Добавить в цитаты Настройки чтения

Страница 41 из 124

В эти тихие часы раннего утра Казаковский, отложив ручку, всматривался в геологическую карту Мяочана, которая висела на стене. Она радовала и настораживала его. Настораживала обширными белыми пятнами, местами, куда еще не ступала нога геолога, и радовала тем, что геологи охватывали все новые и новые участки, вели поиск, пробивали шурфы и канавы, бурили в глубину, разведывая и изучая недра. Идет детальная разведка Солнечного месторождения, начали на Фестивальном, а рядом с ним, как бусы янтарного ожерелья, наносятся все новые и новые месторождения и перспективные районы.
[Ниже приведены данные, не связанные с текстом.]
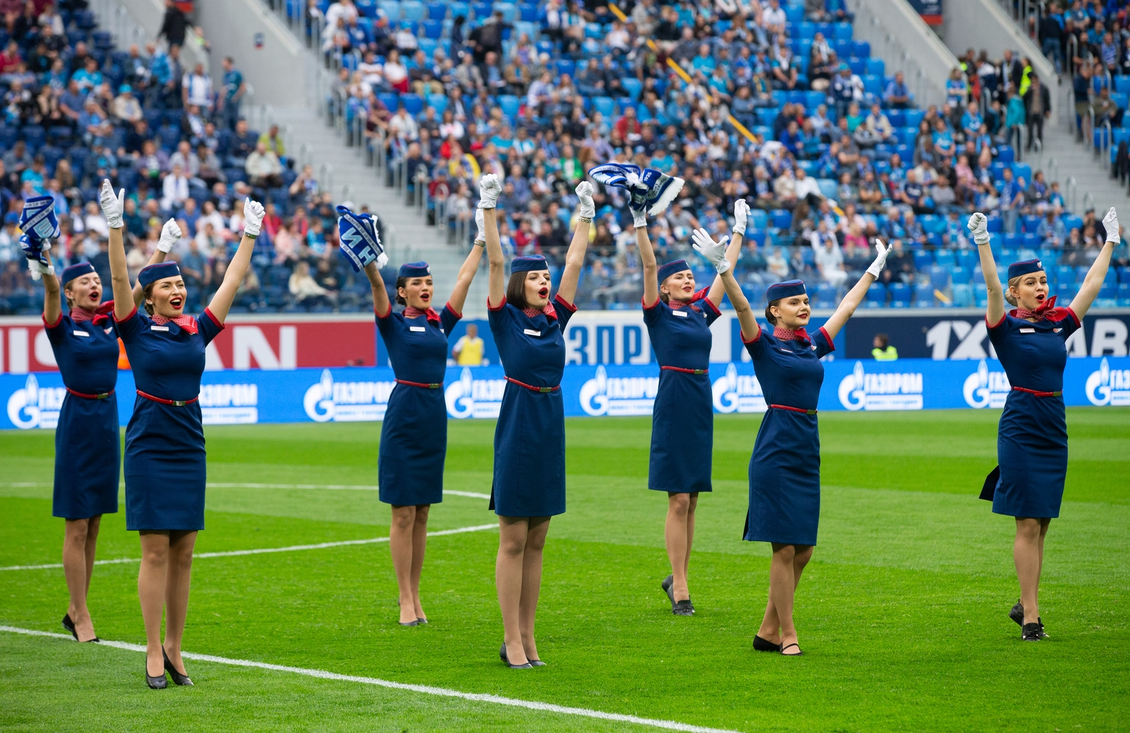 14.07.2019.Russia, Saint Petersburg, Gazprom Arena, Zenit-Tambov. Pre-game instructions from flight attendants of Rossiya Airlines before the game "Zenit"-"Tambov"

Край богатый! И на многих этих участках он сам уже побывал, побывал не раз, добирался на машине, верхом на лошади, а чаще на своих двоих, пешим ходом по бездорожью, по звериным тропам, через урманы, таежные чащобы, буреломы, через горные перевалы и вброд через бурные холодные реки и речки, жил в палатках, спал под открытым небом, грелся у костра и мерз от холода, промокал насквозь под дождем и на месте знакомился с обстановкой, с людьми, принимал решения, оказывал практическую помощь, отчитывал за нерадивость, отстранял от работы, назначал на должности и неукоснительно требовал от других то, что требовал и от себя, – трудовой дисциплины и добросовестной работы, не делая никаких скидок, не допуская никаких поблажек.

Быть начальником с каждым годом становится все труднее и труднее. Геологоразведка, ставшая сложным и технически оснащенным производством, потребовала и руководителя нового типа. На первый план выдвинулось не традиционное отношение руководителя с подчиненными, как было раньше, как это укоренилось в геологии многими поколениями поисковиков, а нечто совершенно н о в о е. И это новое можно назвать отношением между производством и исполнителем. Как на любом промышленном предприятии. И в этих условиях начальнику, защищающему интересы производства, как понимал Казаковский, необходимо иметь непреклонный характер. Он не должен поддаваться ни личным симпатиям и антипатиям, ни тем более эмоциям. Эмоции в таком деле штука явно ненадежная, ибо они-то чаще всего и подводят: хочется быть хорошим для каждого человека в отдельности, а это в большом коллективе практически невозможно. Гораздо проще, а главное, и важнее, всегда стоять на одном и защищать интересы дела, интересы производства. От этого выиграют все, а значит, и каждый в отдельности.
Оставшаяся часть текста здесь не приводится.